I am grateful to have known suffering and, in turn, God’s mercy and love as He walks through it with us.  It is a beautiful thing to see God’s people rally around the hurting.  Prayer is a beautiful thing.  Tears are a beautiful thing because they shed the weight of our hearts so they will not implode just when it feels as if they may.  But God’s word, it is the most beautiful gift.  

When we believe the One who holds us in His hands was at the beginning and already knows the ending; it is a comfort that we cannot gain from any other source.  Having a Savior who lived a life of suffering so that He could identify with us in ours is a the balm for our bleeding hearts.  

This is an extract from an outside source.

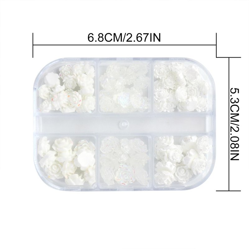 - 【Package Contents】You will get 6 grids nail charms(inclued white & aurora clear flowers). Suitable for most natural and fake nails, you can do a variety of bold and stylish nail designs.
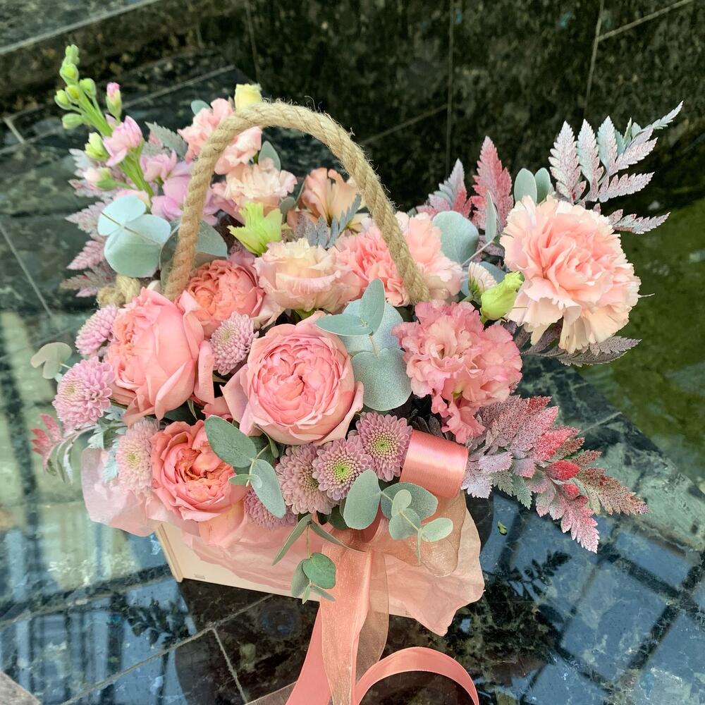 Лизиантус – 1 шт.Маттиола – 1 шт.Папоротник – 1 шт.Сантиния – 1 шт.Диантус розовый – 2 шт.джульетта роза пионовидная – 1 шт.

No one can console others like travelers who have walked similar dirt roads.  Isn’t it a blessing that Jesus walked them all, and there is no path we travel that He does not understand.  

As my heart and mind keep churning, I opened my journal a minute ago to see immediately Psalm 46:10 ~ Be still and know that I am God, and that was it.  That was enough for today.  It was enough yesterday, and it will be enough forever.  

Keep praying with faith friends so that the hurting may be held up. God will bring great glory to His name through His work and His people.  All of you praying are part of God’s story.  Don’t you feel special?  What a privilege to go to the Lord on behalf of our brothers and sisters.  It is a beautiful thing, and you are all shining lights that contribute to this broken but beautiful life!  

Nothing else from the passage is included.